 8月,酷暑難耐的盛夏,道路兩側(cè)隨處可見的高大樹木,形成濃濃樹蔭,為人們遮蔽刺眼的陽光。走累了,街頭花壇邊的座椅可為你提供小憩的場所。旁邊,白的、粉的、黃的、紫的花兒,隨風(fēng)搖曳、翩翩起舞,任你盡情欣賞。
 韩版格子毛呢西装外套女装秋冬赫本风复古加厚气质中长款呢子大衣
...
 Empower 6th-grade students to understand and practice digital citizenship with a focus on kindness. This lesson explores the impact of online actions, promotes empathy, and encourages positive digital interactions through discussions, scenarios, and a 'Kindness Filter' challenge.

Task to complete >> Please return only the lines above, starting at the line that has "8月,酷暑難耐的盛夏,道路兩" and ending at the line that has "韩版格子毛呢西装外套女装秋冬赫本风复古加厚气质中长款呢子大衣", keeping both and leaving each one unchanged.

Solution to this problem >>
 8月,酷暑難耐的盛夏,道路兩側(cè)隨處可見的高大樹木,形成濃濃樹蔭,為人們遮蔽刺眼的陽光。走累了,街頭花壇邊的座椅可為你提供小憩的場所。旁邊,白的、粉的、黃的、紫的花兒,隨風(fēng)搖曳、翩翩起舞,任你盡情欣賞。
 韩版格子毛呢西装外套女装秋冬赫本风复古加厚气质中长款呢子大衣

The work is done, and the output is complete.